On September 5, cameras intended for glowing coverage of sporting excellence were retrained on the Olympic Village after eight Palestinians from the militant group Black September stormed the athletes’ accommodation, killing two members of the Israeli team. Terrorists took a further nine Israelis hostage and demanded the release of prisoners held in Israel. The world held its breath as German authorities attempted to negotiate a resolution without further bloodshed.
Swiss director Tim Fehlbaum relives the outrage from the perspective of the ABC Sports team in a gripping thriller guaranteed to have audiences chewing nails down to the cuticles, even if they know the tragic outcome. A lean script written by Moritz Binder, Fehlbaum and Alex David steadily tightens a knot of tension in stomachs, rarely venturing outside a dimly lit and stiflingly hot control room where production crew are glued to flickering TV screens and radio frequencies, scavenging scraps of verifiable information to share with viewers.
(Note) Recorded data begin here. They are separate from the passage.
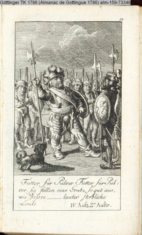 Futter für Pulver, Futter für Pul- / ver, sie füllen eine Grube so gut aus /, / wie bessre - lauter sterbliche / Leute. / IV. Aufz. 2r. Auftr.
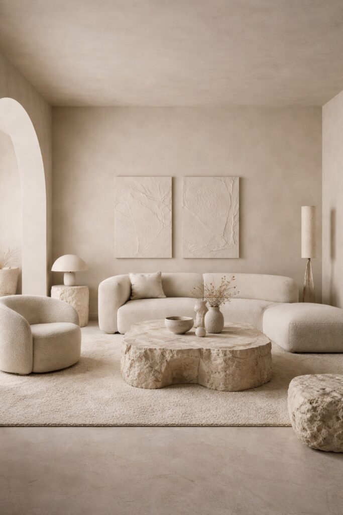 Pure white can feel harsh in relaxation spaces. Softer neutrals with warm undertones tend to feel more forgiving and comfortable.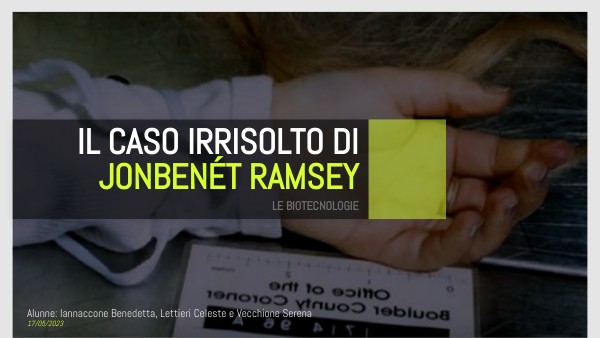 Jonbenét è una bambina particolarmente bella e per questo motivo partecipa a vari concorsi di bellezza.In generale i Ramsey sono una famiglia tranquilla e benestante, ben vista dalla comunità di Boulder. Purtroppo nel Natale di quello stesso anno un terribile evento sconvolgerà le loro vite.25 Dicembre 1996. Ore 22.La famiglia rincasa dopo aver passato la serata natalizia fuori. Sono le 5:30 del mattino quando Patsy si alza. La donna nota subito qualcosa di strano sulle scale che portano alla cucina. Su un gradino sono adagiati tre fogli scritti a mano. I fogli provengono da un blocchetto di sua proprietà, e per scrivere è stata utilizzata una penna che era presente nella casa.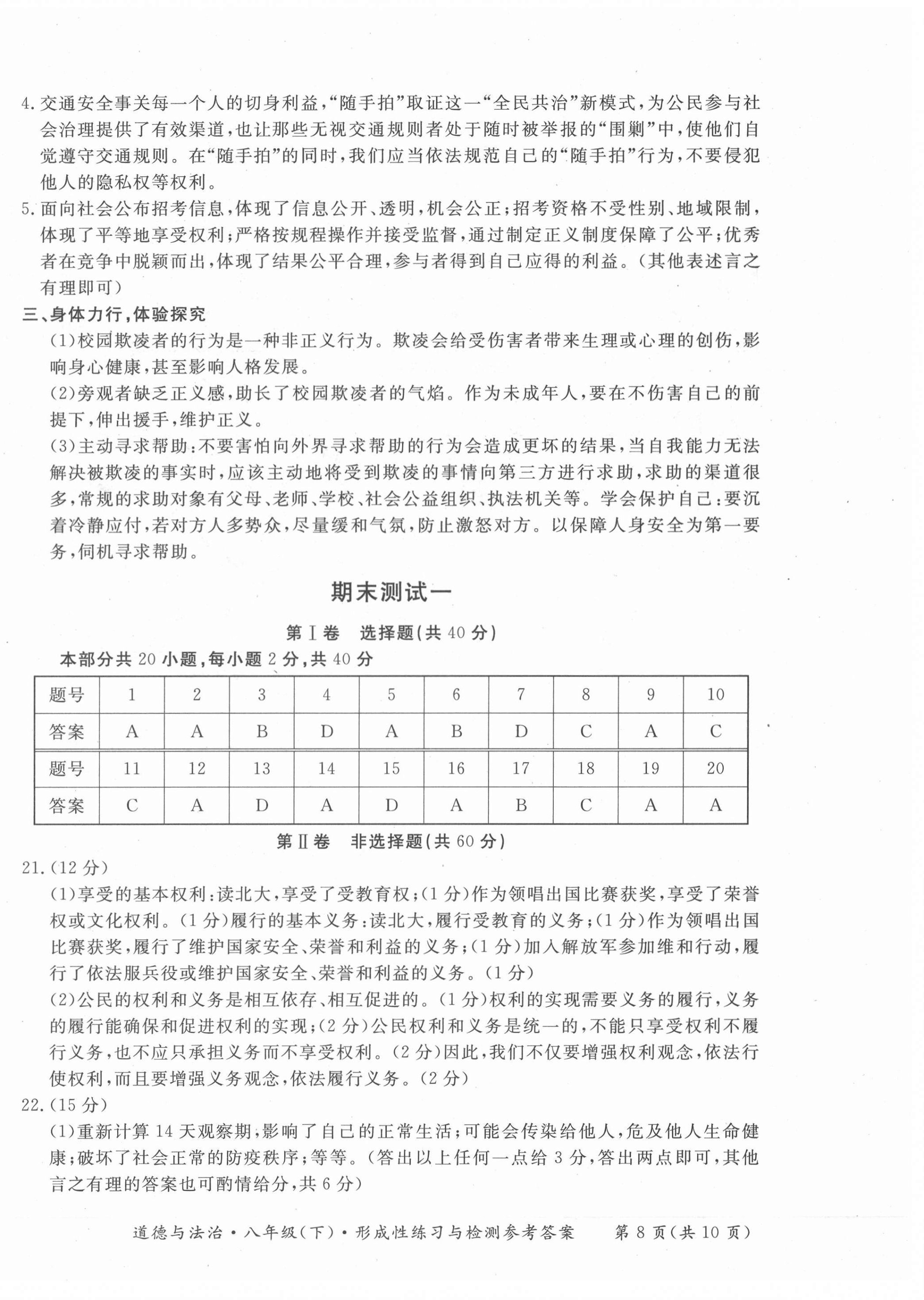 2021年形成性练习与检测八年级道德与法治下册人教版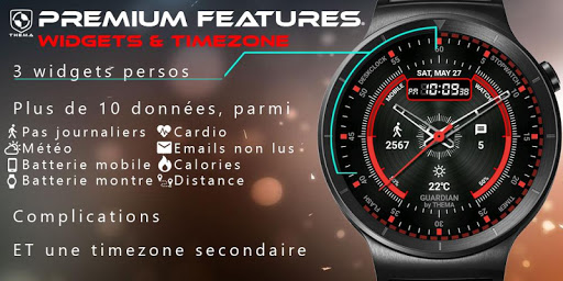 - Widget d'horloge (Seconde non affiché pour raison d'autonomie de batterie)
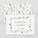 Cartão de agradecimento moderno boho com moldura de aquarela floral com flores silvestres e um padrão correspondente no verso.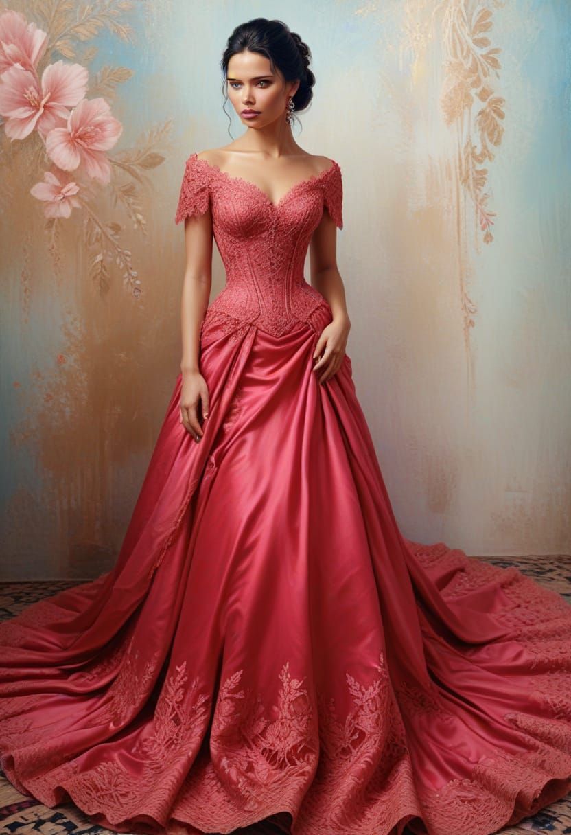 A close-up portrait in the style of an oil painting, depicting a woman in a blue and pink Victorian dress. The artwork features intricate lace details and soft, golden lighting.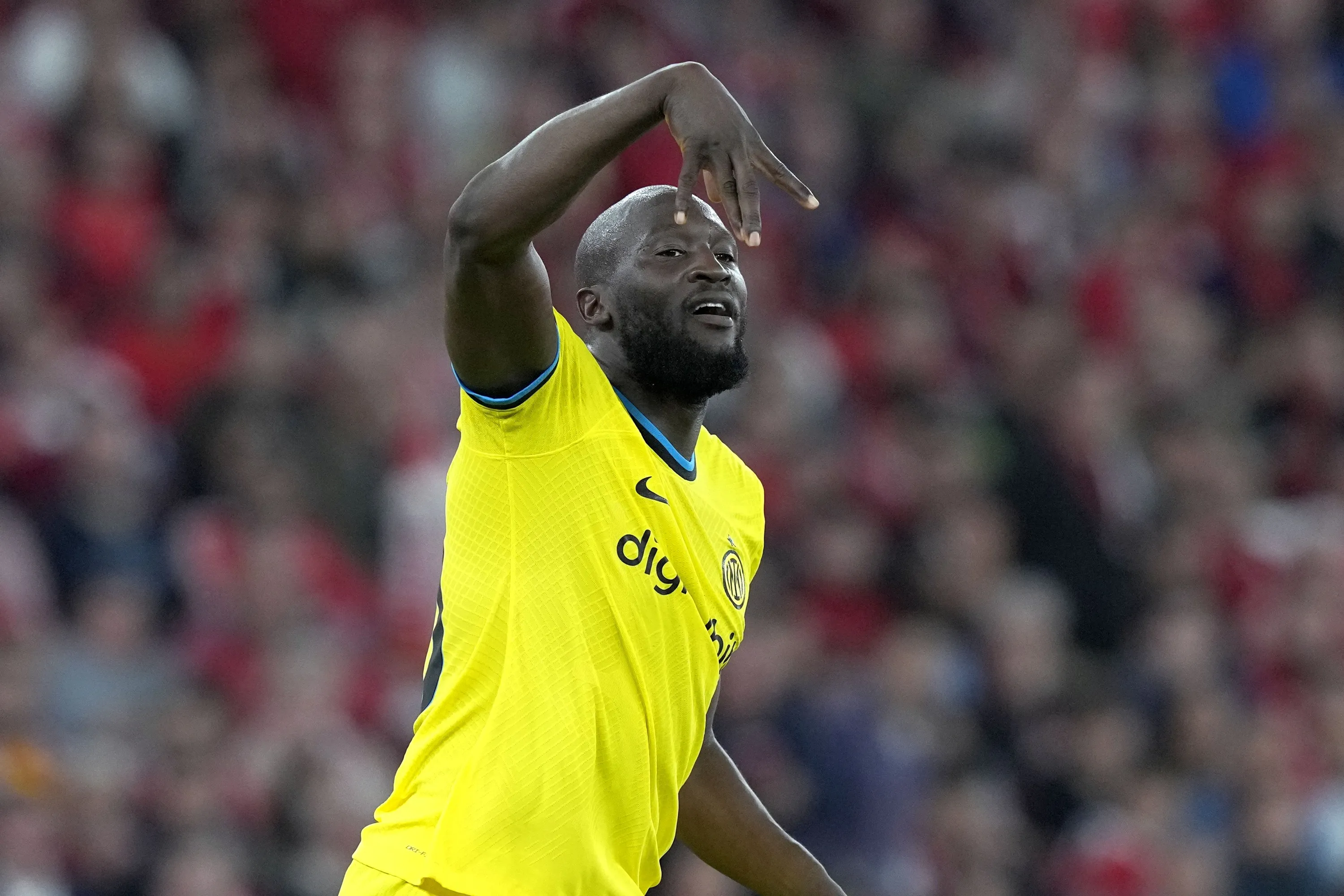 Inter Milan's Romelu Lukaku celebrates after scoring his side's second goal during the Champions League quarter final first leg soccer match between Benfica and Inter Milan at Luz stadium in Lisbon, Tuesday, April 11, 2023. (Photo by Armando Franca/AP Photo)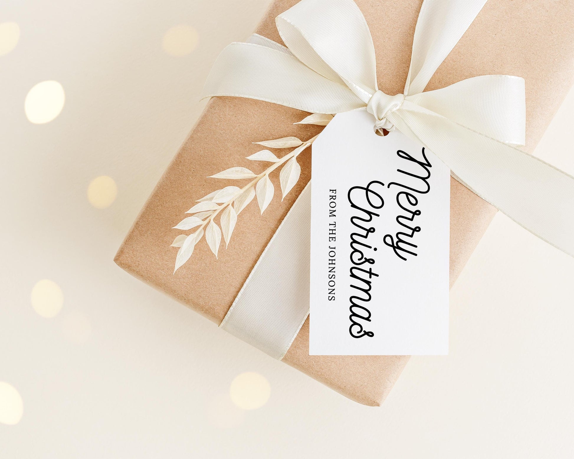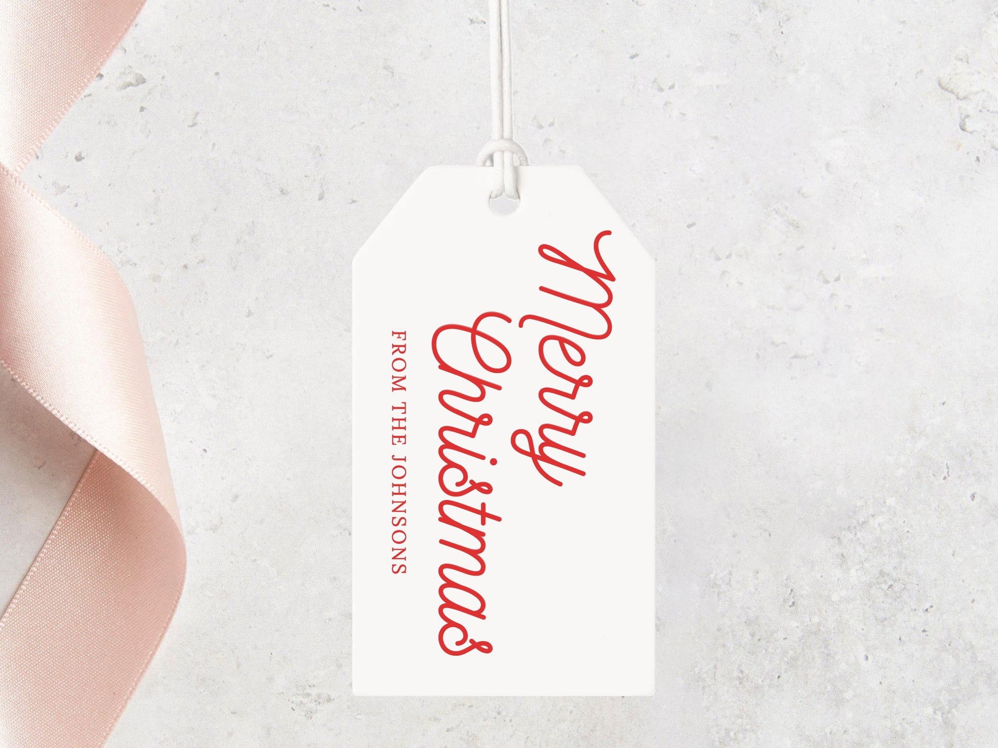 Personalized Modern Merry Christmas Gift Tags, Printed and Shipped Tags, 2 x 3.5 inch Favor Tags, Tags for Wine Gifts Holiday Party Favor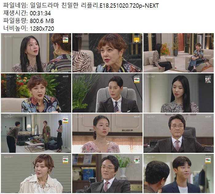 | 일일드라마 친밀한 리플리.E18.251020.720p-NEXT.mp4 | 800.6 M | 00:31:34 | 1280x720 |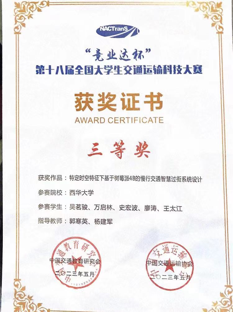 今年我校共有10件作品参加本次比赛,最终1件作品入围决赛。赛前,专业教师郭寒英、杨建军对学生作品进行多轮指导及打磨,为参赛团队保驾护航,不断提升参赛作品的综合竞争力。最终,我校学生吴茗骏、万启林、史宏波、廖涛与王太江的参赛作品“特定时空特征下基于树莓派4B的慢行交通智慧过街系统设计”获得全国三等奖。近年来,我校学子连续多次在该项赛事上斩获奖项、屡获佳绩,在贯彻落实培养交通运输方面科技创新人才上有了新的突破。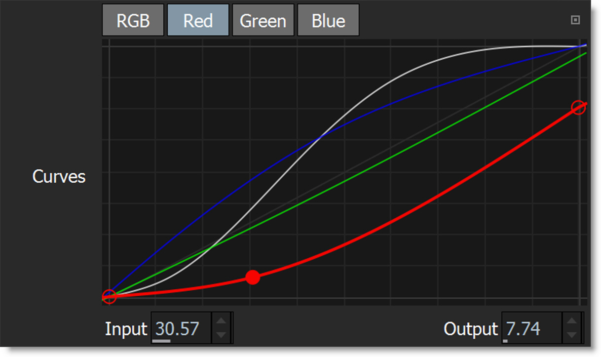 • To lighten the shadows, move a point near the bottom of the curve upward. Moving a point either up or to the left maps a lower input value to a higher output value, and the image lightens.

ABC Sports junior producer Geoffrey Mason (John Magaro) begins the early shift on September 5 with a small crew including technical director Jacques Lesgards (Zinedine Soualem) and native speaker Marianne Gebhardt (Leonie Benesch), who translates news coming out of the media centre and Olympic Village. Head of operations Marvin Bader (Ben Chaplin) is enjoying a few hours of sleep in a side room while ABC Sports president Roone Arledge (Peter Sarsgaard) has retired for the night to his hotel after thrilling coverage of Mark Spitz’s seventh gold in the swimming pool. Gunshots ring out across the Olympic Village and Geoff confers with Marvin and Roone to make split-second decisions about the morality of capturing the potential execution of Israeli athletes live on screen.
September 5 is a masterful dramatisation of shocking events in 1972, when the home nation hoped that hosting the Games would restore its post-war reputation and not remind viewers of “the last time armed Germans patrolled fences”. Fehlbaum exerts a vice-like grip over pacing, sky-rocketing our blood pressures with long takes on handheld cameras to nervously prowl ABC Sports’ makeshift broadcast facility, which is beset by technical gremlins. He elicits a compelling lead performance from Magaro, with scintillating, sweat-beaded support from Sarsgaard and Chaplin.